Since in the rotating frame, the object appears to be moving circularly, sum of all forces should be equal to mv^2/r
The forces acting on the object here is the pseudo force due to the rotation of my frame.
thus, Centrifugal force=mv^2/r
Does this solve your problem?

 

[Doc Al]

Can you please explain why? As according to what I have read it is tangential.

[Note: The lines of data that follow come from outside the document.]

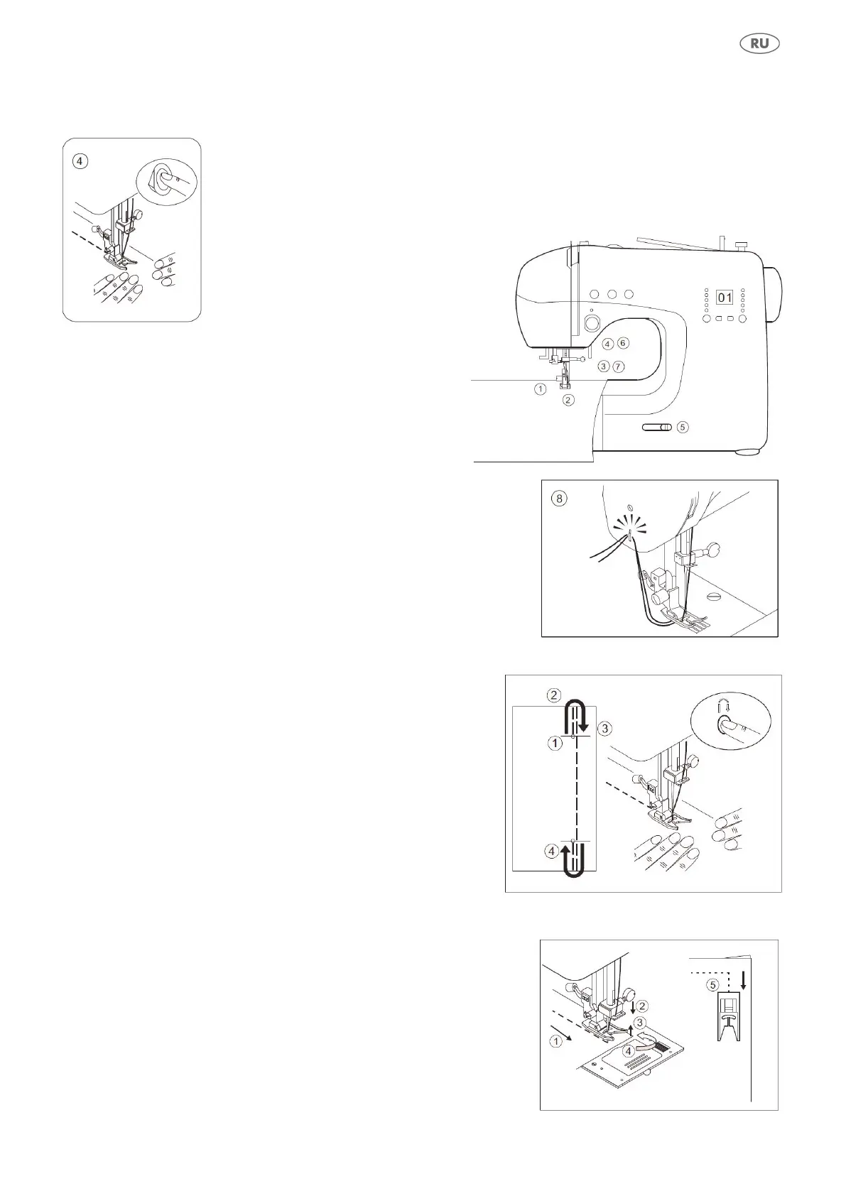 4. Отведите игольную и шпульную нити назад.Прошейте
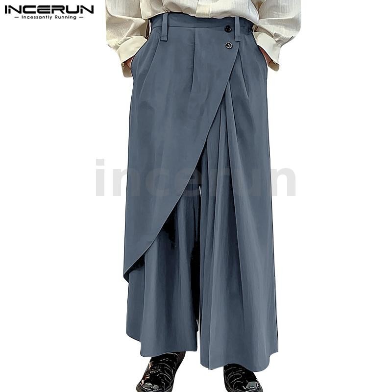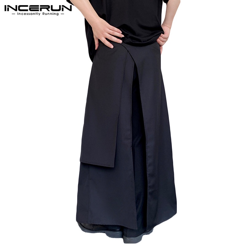 INCERUN Saia Masculina Multicamadas Calça De Cor Sólida Casual
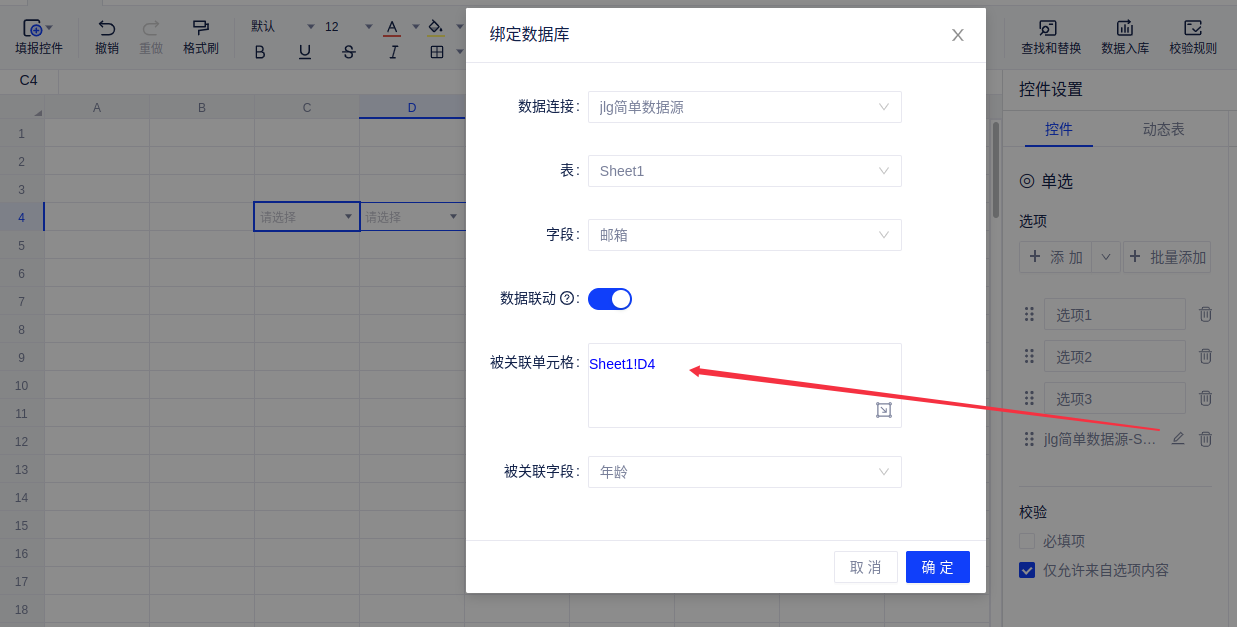 (3)对于整数、小数、字符串类型的报告参数,当可选范围为“列表”时,支持选择“动态值”或“静态值”,选择“动态值”时,可以设置绑定字段;
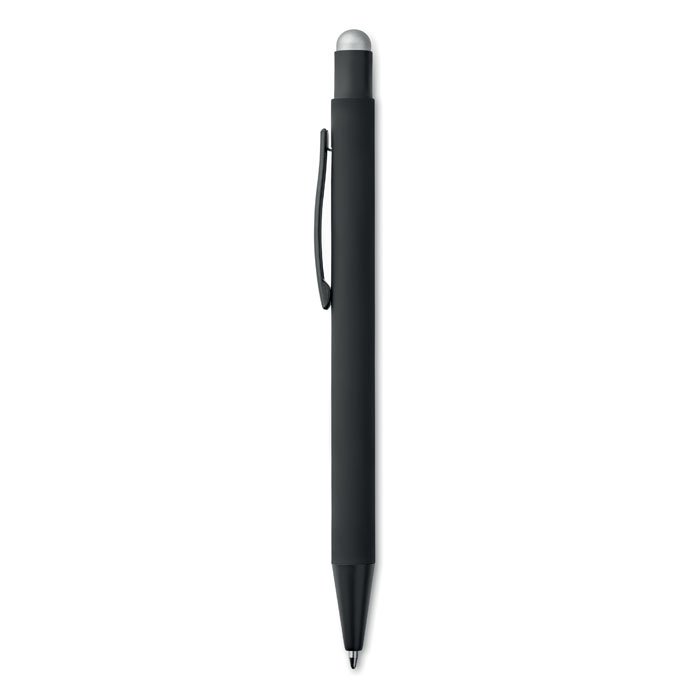 Aluminium ballpoint pen BLACK BEAUTY, with a large refill, touchscreen tip for smartphones and tablets, matt surface with coloured base for engraving matching the colour of the touchscreen tip, blue ink
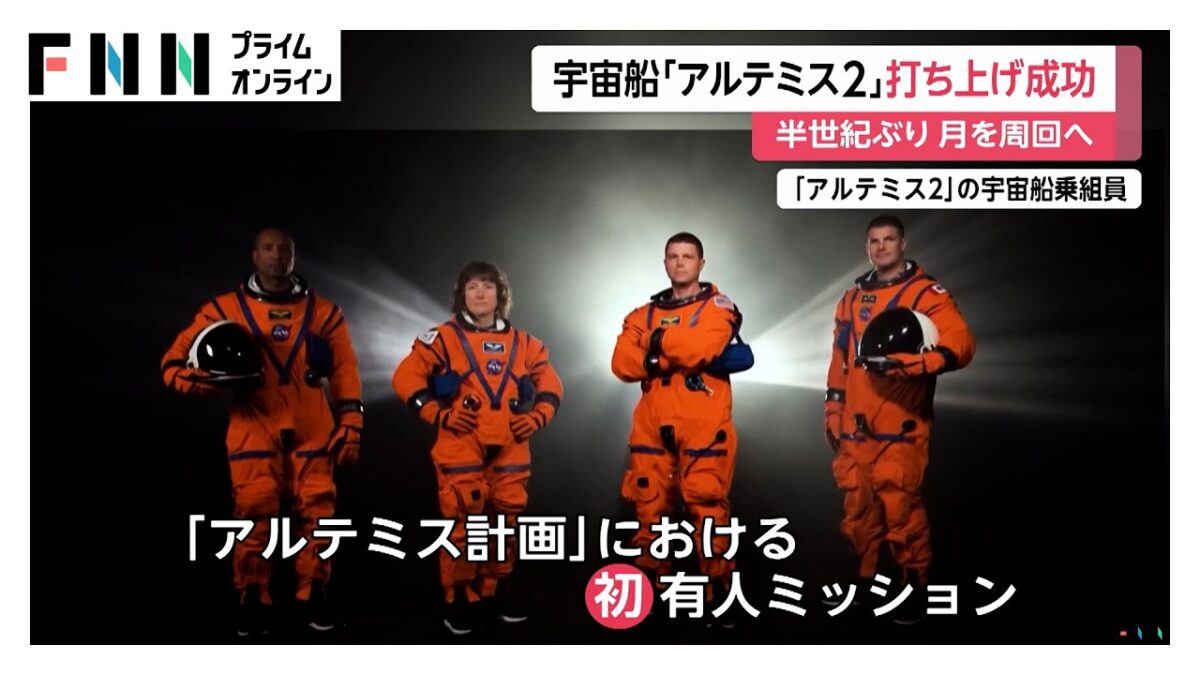 「アルテミス2」打ち上げ成功 アポロ以来半世紀ぶりの快挙 4人の宇宙飛行士が月周回ミッションへ(2026年04月02日)(youtube/FNNプライムオンライン)
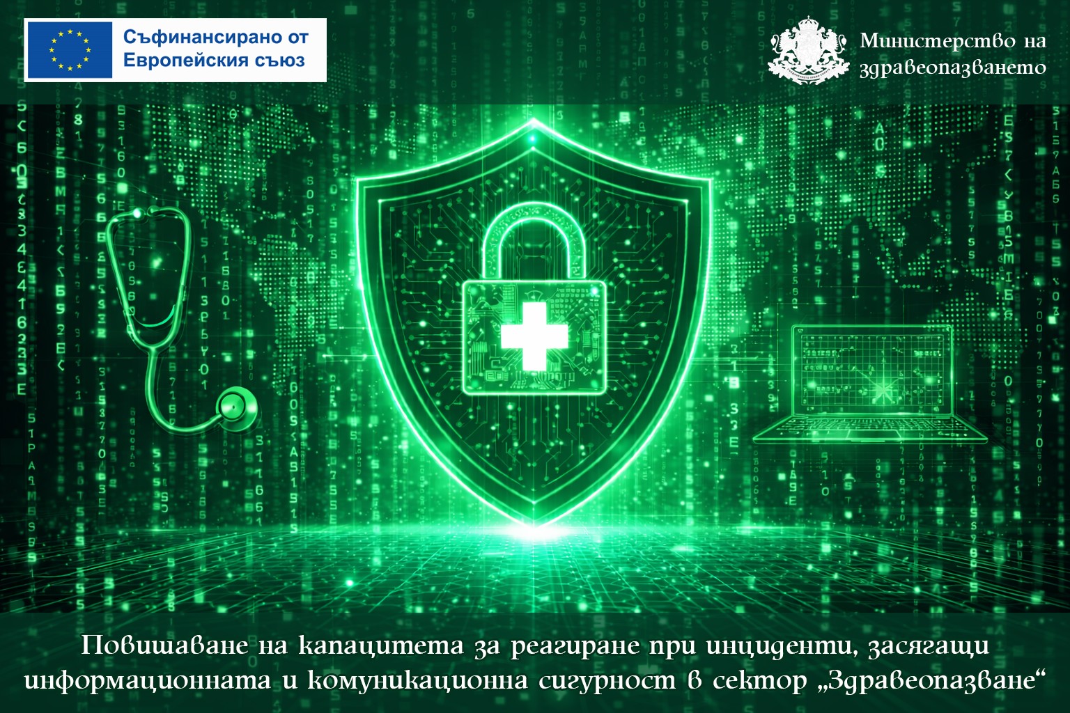 Мярката е част от проекта за повишаване на капацитета за реагиране при инциденти, засягащи информационната и комуникационната сигурност в здравеопазването, финансиран с европейски средства по Програма „Научни изследвания, иновации и дигитализация за интелигентна трансформация“ 2021-2027. Проектът стартира през 2024 г., като значителна част от предвидените дейности вече са реализирани.
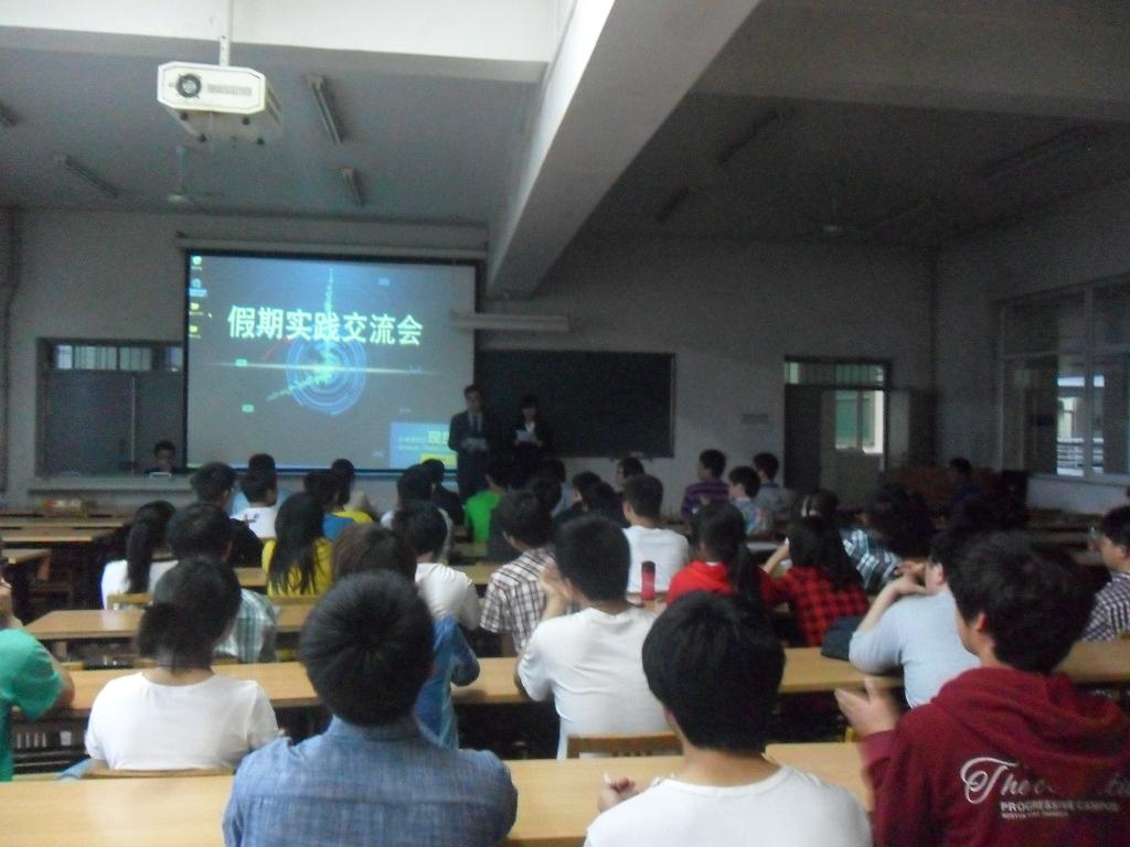 4月26日晚,公司在3教409室举行假期实践交流会决赛,团委书记陈霂老师、辅导员程鹏老师与员工会干部出席交流会并参与评分。
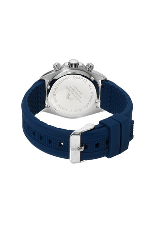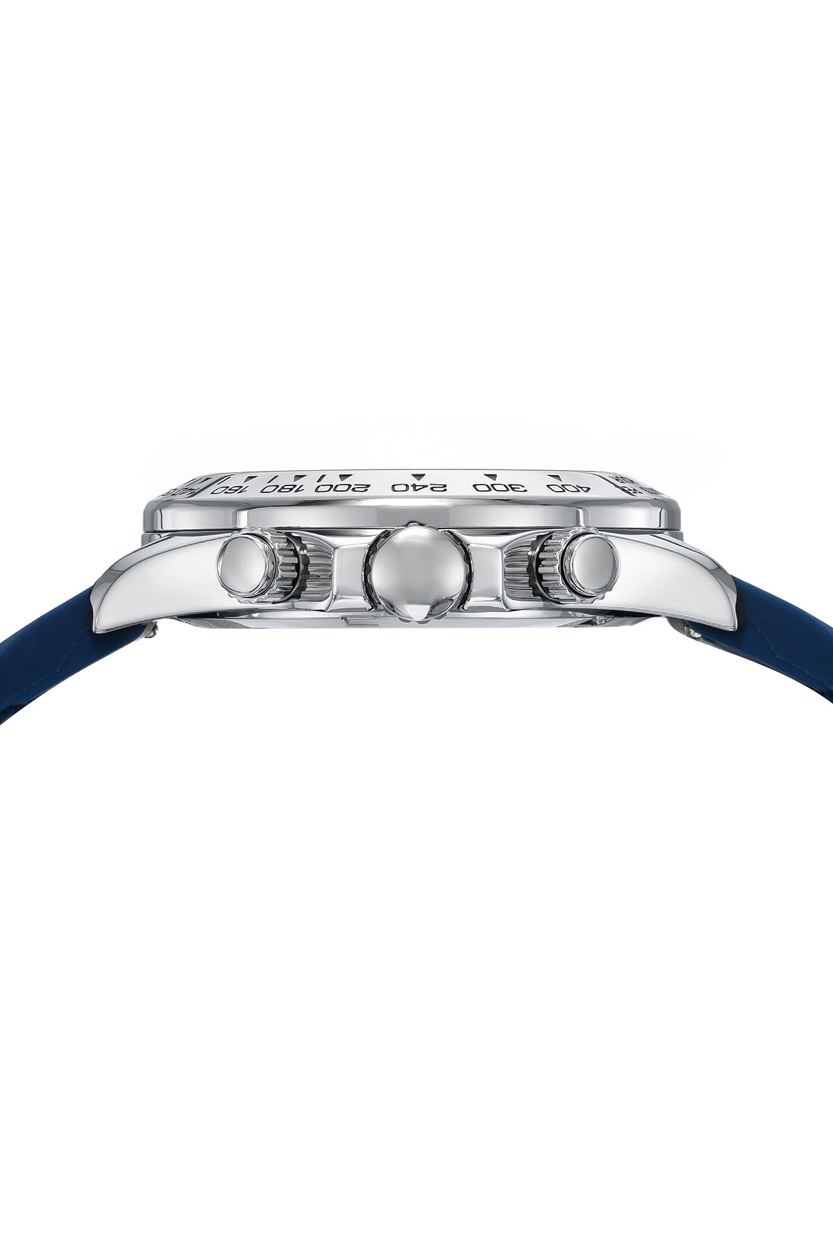 Elegant and modern, the Alexis Sport features a sunray dial in blue, housed in a silver‑tone round stainless steel case. Paired with a blue silicone strap, protected by a sapphire‑coated crystal, day and date windows keep you on schedule a 24‑hour subdial provides a second time perspective dual time zone display lets you track another city—an elegant treasure for any occasion.
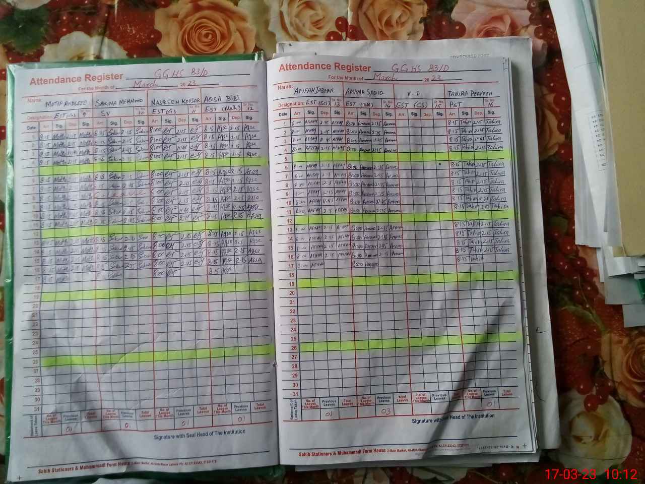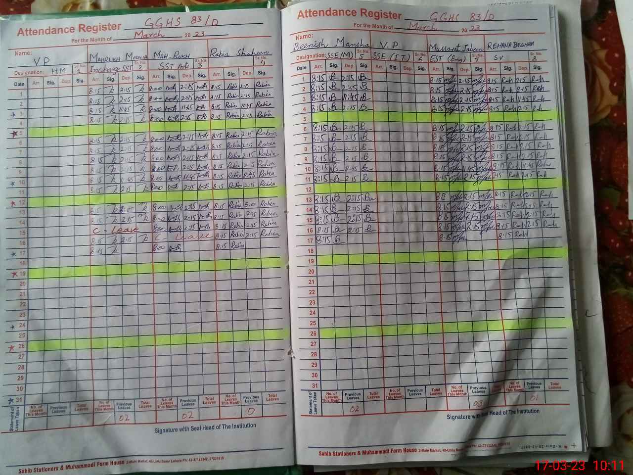 | CNIC | Full Name | Designation | R/C | Absence During Last Calender Month |
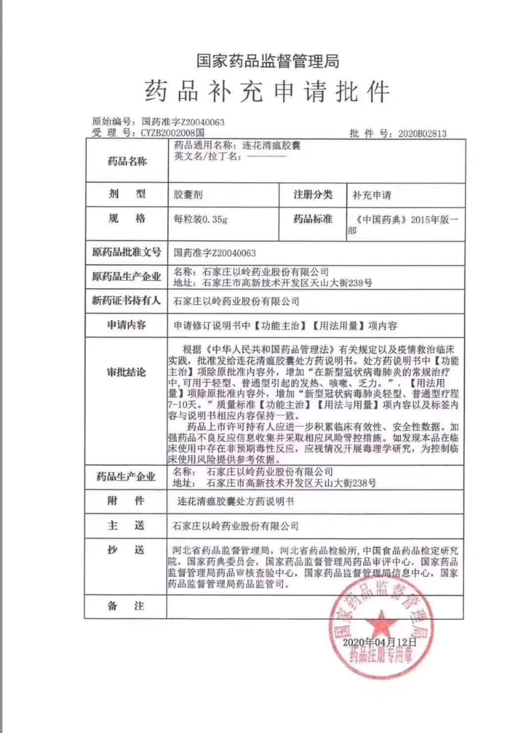 前一日晚间,一份印有国家药品监督管理局印章的《国家药品监督管理局药品补充申请批件》流出。根据该批件,莲花清瘟胶囊用于新冠肺炎的审批结论为“根据《中华人民共和国药品管理法》有关规定以及疫情救治临床实践,批准发给连花清瘟胶囊处方药说明书,处方药说明书中【功能主治】项除原批准内容外,增加“在新型冠状病毒肺炎的常规治疗中,可用于轻型、普通型引起的发热、咳嗽、乏力。”
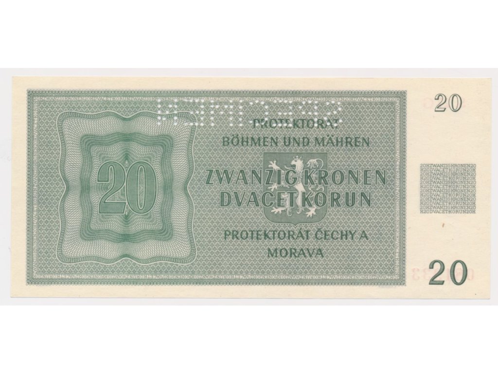 Protektorát, 20 K, 1944, série 27 G, perforovaná, luxusní sběratelská jakost UNC
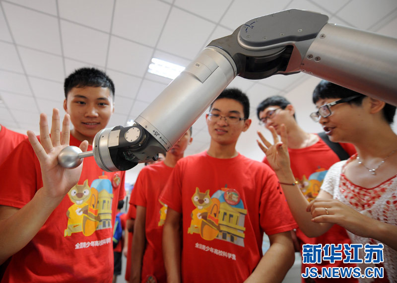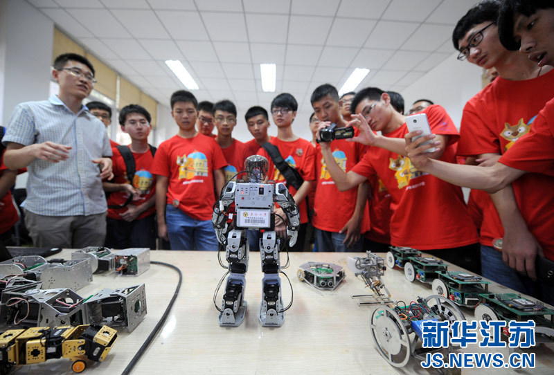 7月15日,营员们在东南大学智能机器人实验室里参观机器人。当日,“2014年全国青少年高校科学营”的江苏科学营在南京东南大学开营。东南大学为科学营安排了名家讲座、科学实验、科技竞赛、参观体验、社团互动等约30项活动,让营员们了解和体验科技创新。新华社记者 孙参 摄
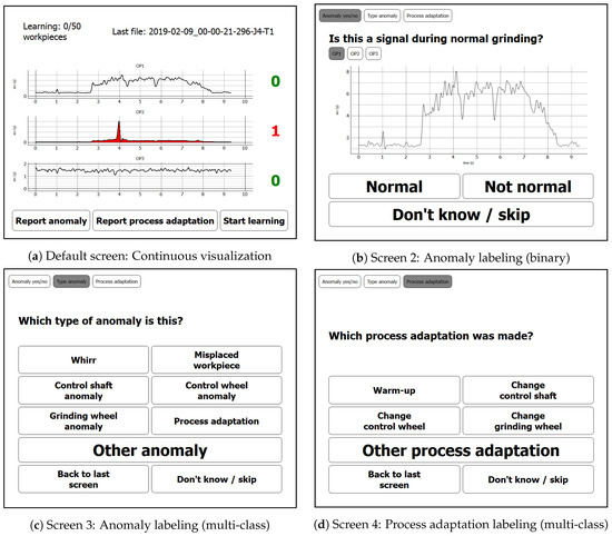 - In order to define an initial version of the labeling prototype screen design, we had a first meeting with the machine adjuster. In this meeting, we proposed and adapted a first version of the labeling prototype design. Additionally, we discussed the most accustomed way for presentation of sensor data: Industrially established solutions typically depict the envelope signals rather than the raw sensor data, TFD representations or feature scores. We thus chose the similar, well-known form of signal representation. Finally, we discussed the most frequent anomaly types and process adaptations to be included as dedicated class label buttons (screens 3 and 4 in Figure 4).

I have no idea why you think that the Coriolis force is tangential. It is always perpendicular to the velocity. It's given by -2m\vec{\Omega}\times\vec{v}
where Ω is the angular velocity vector of the rotating frame. (See Coriolis force or any classical mechanics textbook.)

Thus the Coriolis force is radially inward and equal to 2mω²r and the centrifugal force is radially outward and equal to mω²r. Thus the net force is inward and equal to mω²r, just as you would expect for circular motion.

 

[Doc Al]

There is no centripetal force in this case.
Since in the rotating frame, the object appears to be moving circularly, sum of all forces should be equal to mv^2/r

There must be a net centripetal force, acting radially inward.

The forces acting on the object here is the pseudo force due to the rotation of my frame.
thus, Centrifugal force=mv^2/r

The centrifugal force acts radially outward. So that's not enough to explain things. See my last post about the Coriolis force.

 

[vanhees71]

There is nothing very complicated involved. For a free particle in the inertial frame with cartesian coordinates x_j you have the Lagrangian
L=\frac{m}{2} \dot{\vec{x}}^2=\frac{m}{2} \dot{x}_j \dot{x}_j.
Here and in the following Einstein summation is implied.

In terms of the coordinates y_j fixed in the rotating frame (let's assume the rotation is around the three-axis) you have
\begin{pmatrix}<br /> x_1 \\ x_2 \\ x_3 \end{pmatrix}=\begin{pmatrix}<br /> \cos (\omega t) &amp; -\sin (\omega t) &amp; 0\\<br /> \sin (\omega t) &amp; \cos (\omega t) &amp; 0 \\<br /> 0 &amp; 0 &amp; 1<br /> \end{pmatrix} \begin{pmatrix} y_1 \\ y_2 \\y_3 \end{pmatrix} \qquad (*).

Now take the time derivative of this and pluck it into the above Lagrangian. You'll get after some algebra
L=\frac{m}{2} \left [\dot{y}_j \dot{y}_j+2 \omega (y_1 \dot{y}_2-y_2 \dot{y}_1)+\omega^2 (y_1^2+y_2^2) \right ].

With \vec{\omega}=\omega (0,0,1)^t this reads
L=\frac{m}{2} \left [\dot{\vec{y}}^2+2 \vec{\omega} \cdot (\vec{y} \times \dot{\vec{y}}) + (\vec{\omega} \times \vec{y})^2 \right].

With the Euler-Lagrange equations you'll get the correct equations of motion, which can be reinterpreted as the motion of a particle under the influence of the Coriolis and the centrifugal force:
m \ddot{\vec{y}}=-m \left [2 \vec{\omega} \times \dot{\vec{y}}-\vec{\omega} \times (\vec{\omega} \times \vec{y}) \right ].

Of course you could also simply derive Eq. (*) two times wrt. to time, but that's more cumbersome :-).

 

[ashishsinghal]

There is nothing very complicated involved.

Sir, thanks for all the effort but after the work you just showed me I would seriously ask you to consider your definition of complicated. But thanks for your effort.

 

[ashishsinghal]

I have no idea why you think that the Coriolis force is tangential. It is always perpendicular to the velocity. It's given by -2m\vec{\Omega}\times\vec{v}
where Ω is the angular velocity vector of the rotating frame. (See Coriolis force or any classical mechanics textbook.)

Thus the Coriolis force is radially inward and equal to 2mω²r and the centrifugal force is radially outward and equal to mω²r. Thus the net force is inward and equal to mω²r, just as you would expect for circular motion.

I went to the wikipedia link you posted. Yup,I admit I was mistaken. Coriolis force can be in any direction in the plane of circular motion. Thanks a lot.

 

[ashishsinghal]

Thanks everyone. Special thanks to Doc Al. This thread is closed.